__Try it__: Scan the records below for the line with "In the above" and the line with "AI Generated. A", and retype that range exactly, both ends included, pictures excepted.

__Source data__:
*** Begin section ***

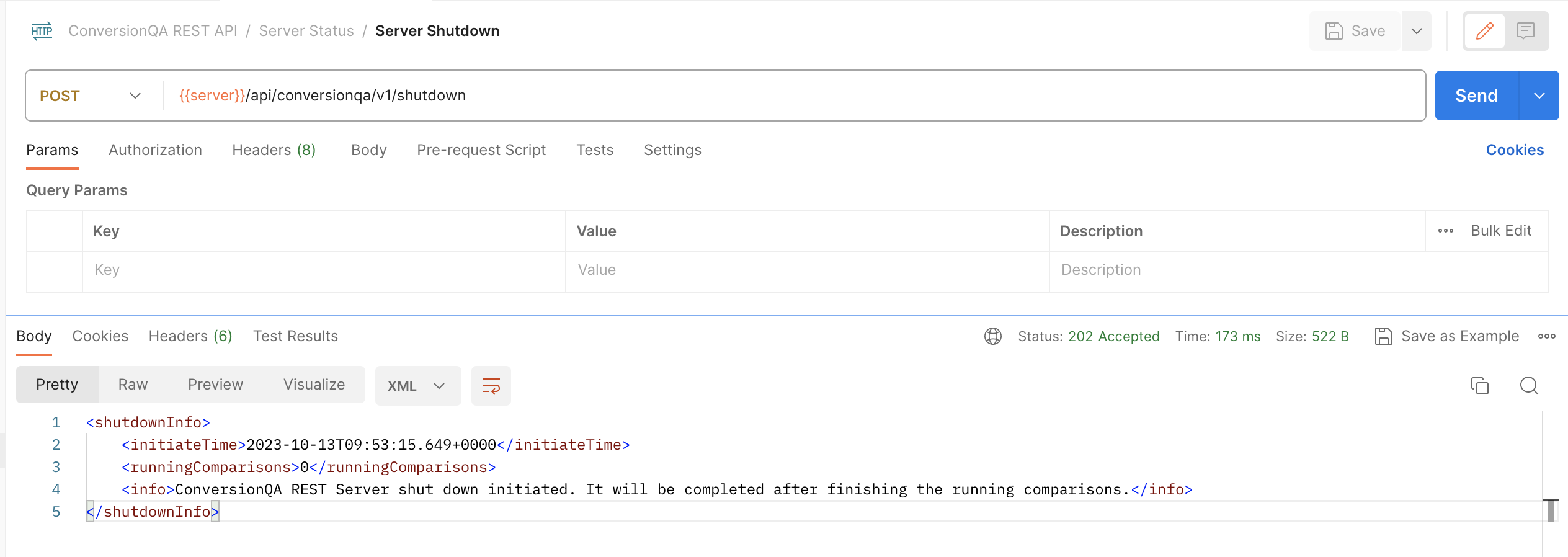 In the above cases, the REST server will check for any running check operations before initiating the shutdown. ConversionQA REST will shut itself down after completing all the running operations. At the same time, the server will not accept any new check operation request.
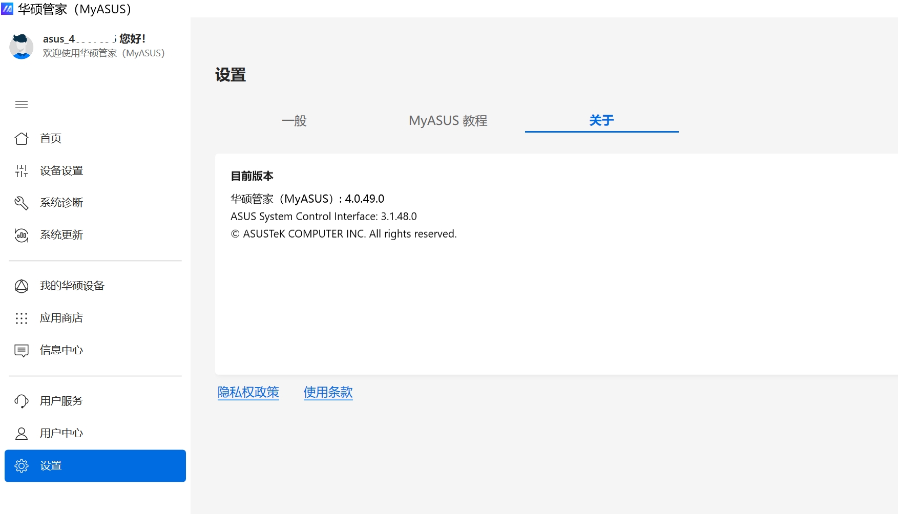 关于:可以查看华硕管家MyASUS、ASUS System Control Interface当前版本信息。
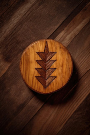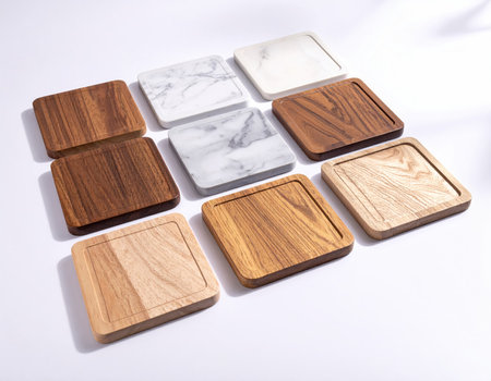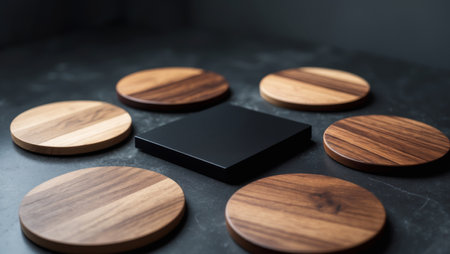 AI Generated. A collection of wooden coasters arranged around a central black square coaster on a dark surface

*** End section ***
*** Begin section ***

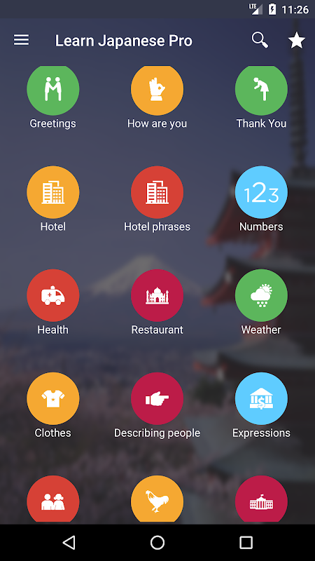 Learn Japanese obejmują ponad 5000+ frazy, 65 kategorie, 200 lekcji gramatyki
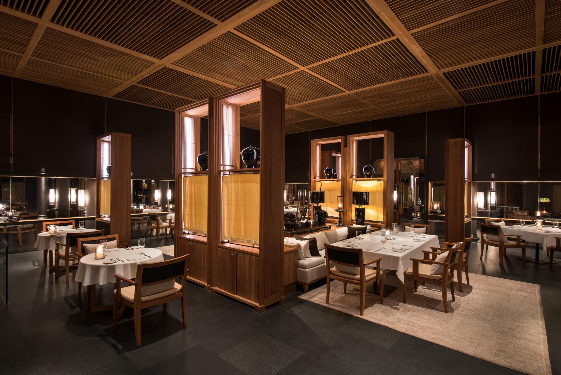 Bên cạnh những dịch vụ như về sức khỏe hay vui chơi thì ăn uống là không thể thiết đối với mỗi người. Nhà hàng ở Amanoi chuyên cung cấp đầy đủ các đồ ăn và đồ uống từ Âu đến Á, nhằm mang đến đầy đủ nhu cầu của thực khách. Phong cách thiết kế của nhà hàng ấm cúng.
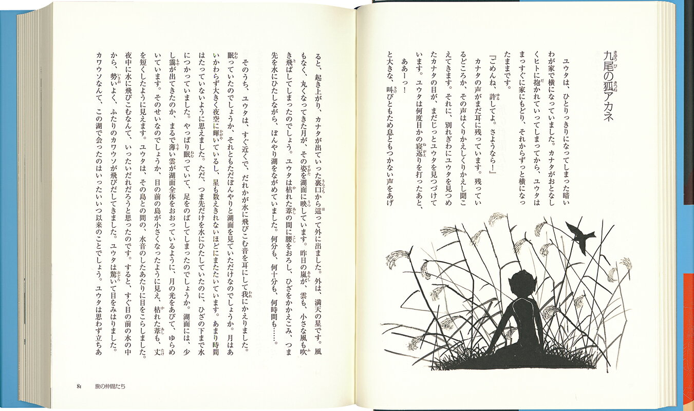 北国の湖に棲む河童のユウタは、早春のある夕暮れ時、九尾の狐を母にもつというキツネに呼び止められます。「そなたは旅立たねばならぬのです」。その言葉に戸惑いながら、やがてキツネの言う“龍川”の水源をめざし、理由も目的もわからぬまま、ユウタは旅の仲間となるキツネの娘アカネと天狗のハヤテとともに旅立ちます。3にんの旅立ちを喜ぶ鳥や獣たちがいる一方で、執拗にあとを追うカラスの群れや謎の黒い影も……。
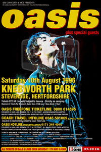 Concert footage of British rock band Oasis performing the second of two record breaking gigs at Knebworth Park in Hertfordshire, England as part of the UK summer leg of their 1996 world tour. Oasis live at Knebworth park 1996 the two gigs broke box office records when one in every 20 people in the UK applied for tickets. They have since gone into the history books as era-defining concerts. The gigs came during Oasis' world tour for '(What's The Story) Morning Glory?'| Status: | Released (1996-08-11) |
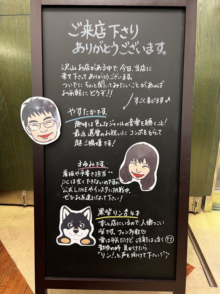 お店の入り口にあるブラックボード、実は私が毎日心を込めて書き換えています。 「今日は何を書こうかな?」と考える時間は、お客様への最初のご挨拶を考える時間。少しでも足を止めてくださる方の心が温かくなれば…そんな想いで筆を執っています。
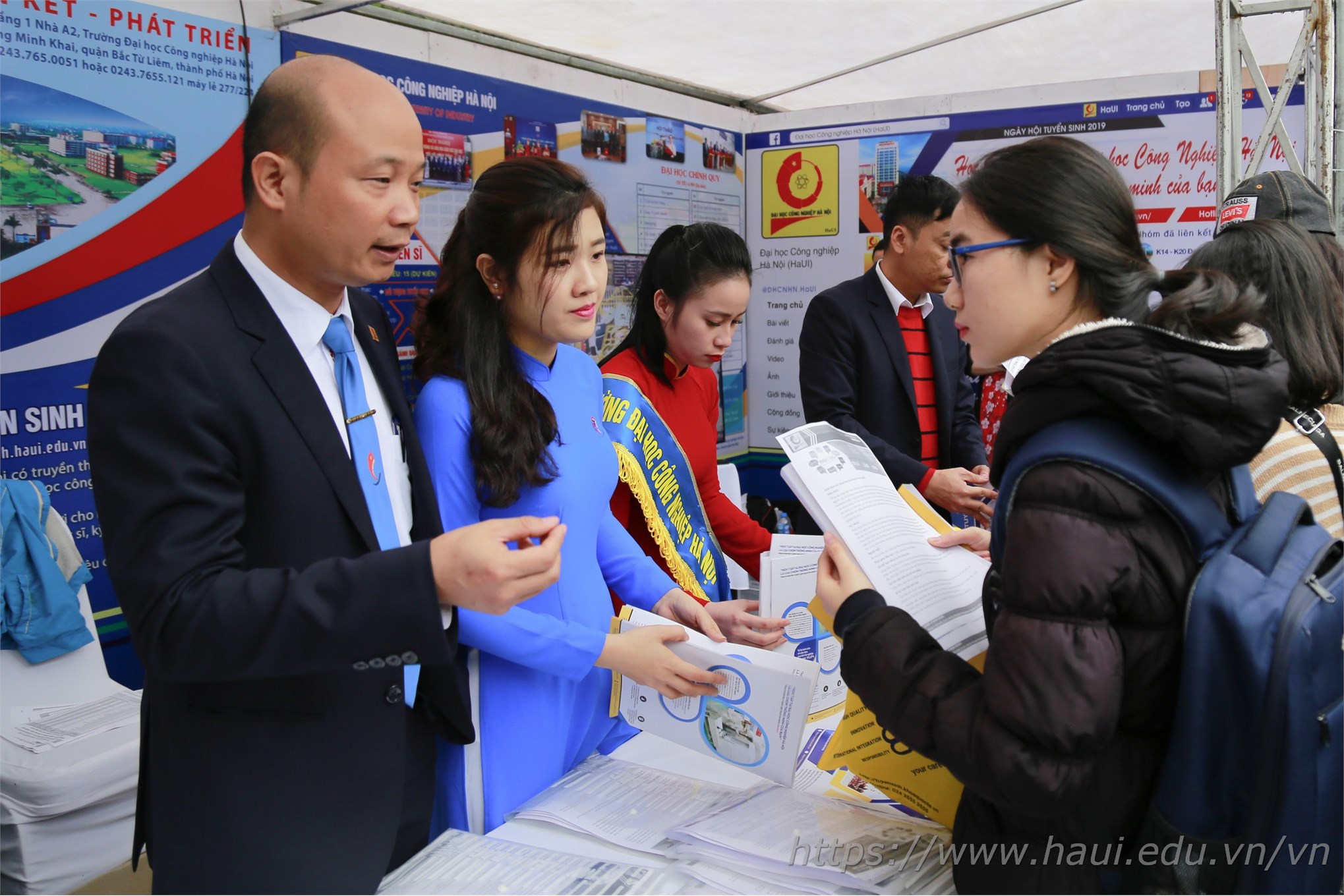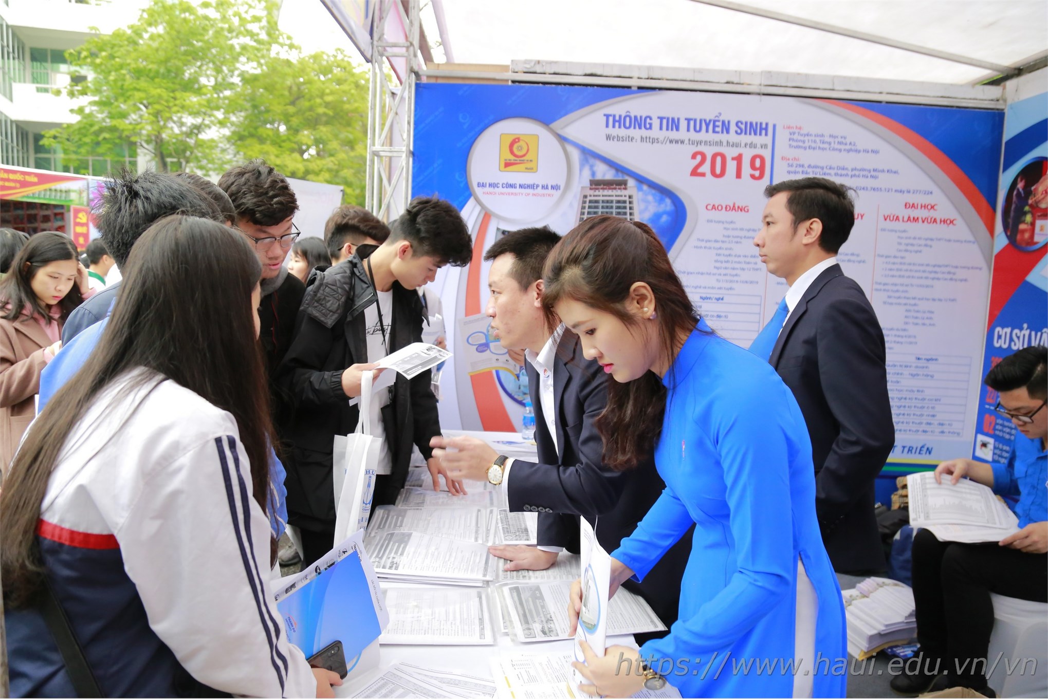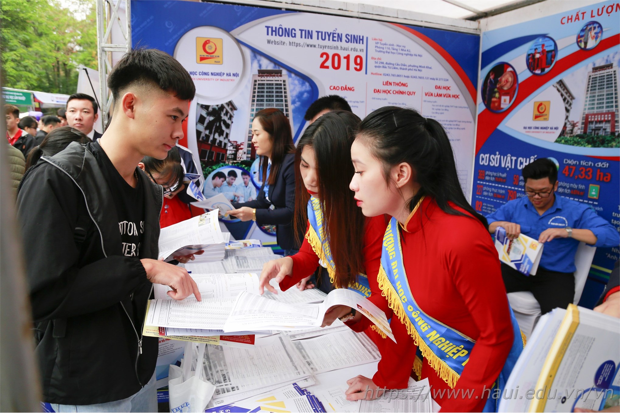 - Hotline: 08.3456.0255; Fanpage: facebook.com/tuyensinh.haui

*** End section ***
*** Begin section ***

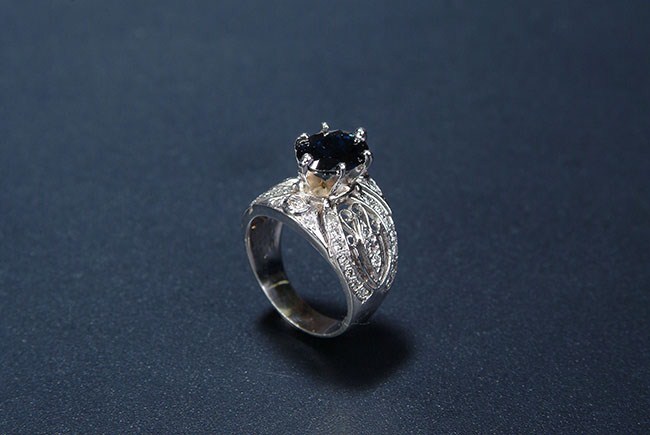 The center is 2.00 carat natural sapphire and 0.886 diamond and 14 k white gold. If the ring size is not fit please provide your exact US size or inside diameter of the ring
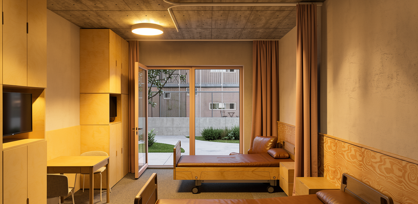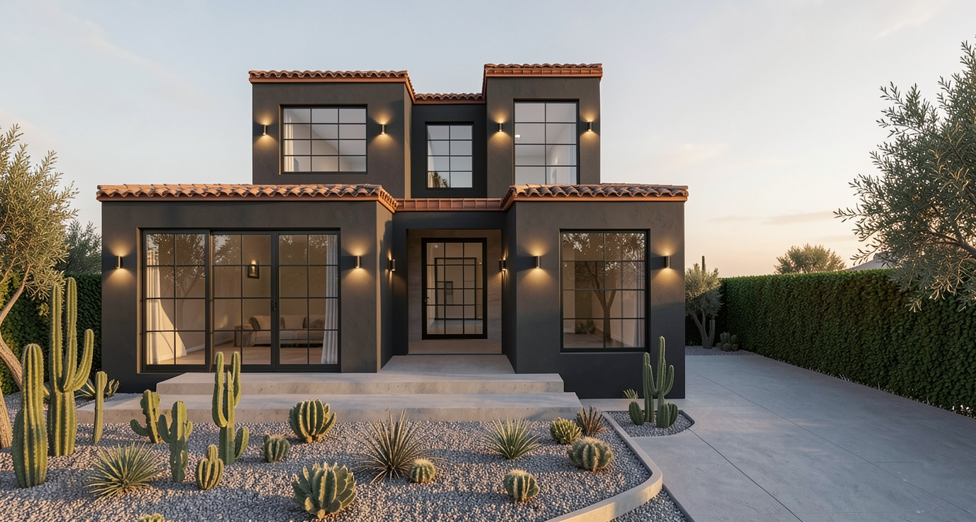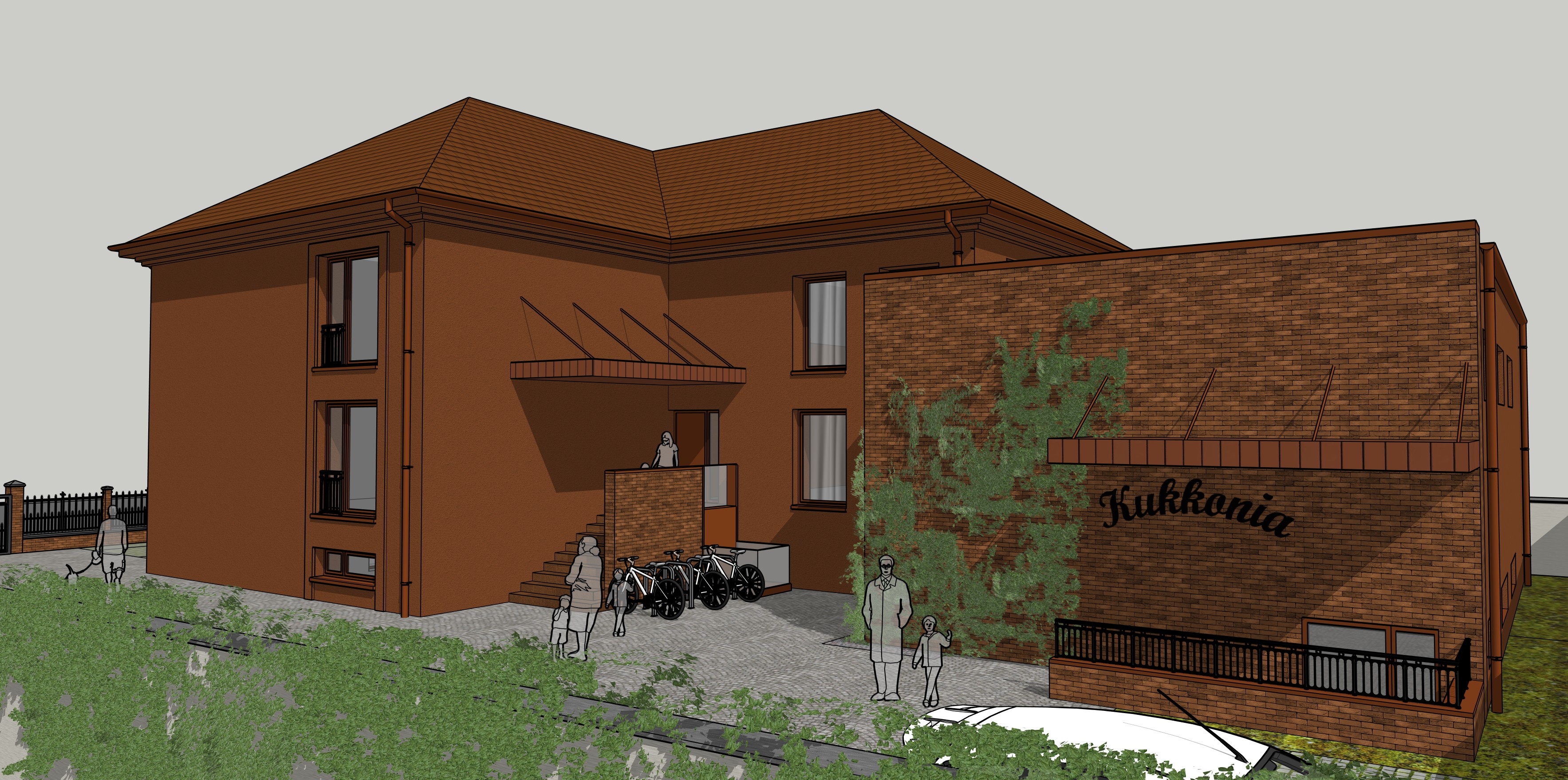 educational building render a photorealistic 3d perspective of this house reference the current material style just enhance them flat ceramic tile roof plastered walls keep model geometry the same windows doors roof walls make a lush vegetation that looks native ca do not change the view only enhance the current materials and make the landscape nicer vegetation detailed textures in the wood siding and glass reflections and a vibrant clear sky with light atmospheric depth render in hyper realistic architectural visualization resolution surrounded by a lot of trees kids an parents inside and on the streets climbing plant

*** End section ***

__Response__:
 In the above cases, the REST server will check for any running check operations before initiating the shutdown. ConversionQA REST will shut itself down after completing all the running operations. At the same time, the server will not accept any new check operation request.
 关于:可以查看华硕管家MyASUS、ASUS System Control Interface当前版本信息。
 AI Generated. A collection of wooden coasters arranged around a central black square coaster on a dark surface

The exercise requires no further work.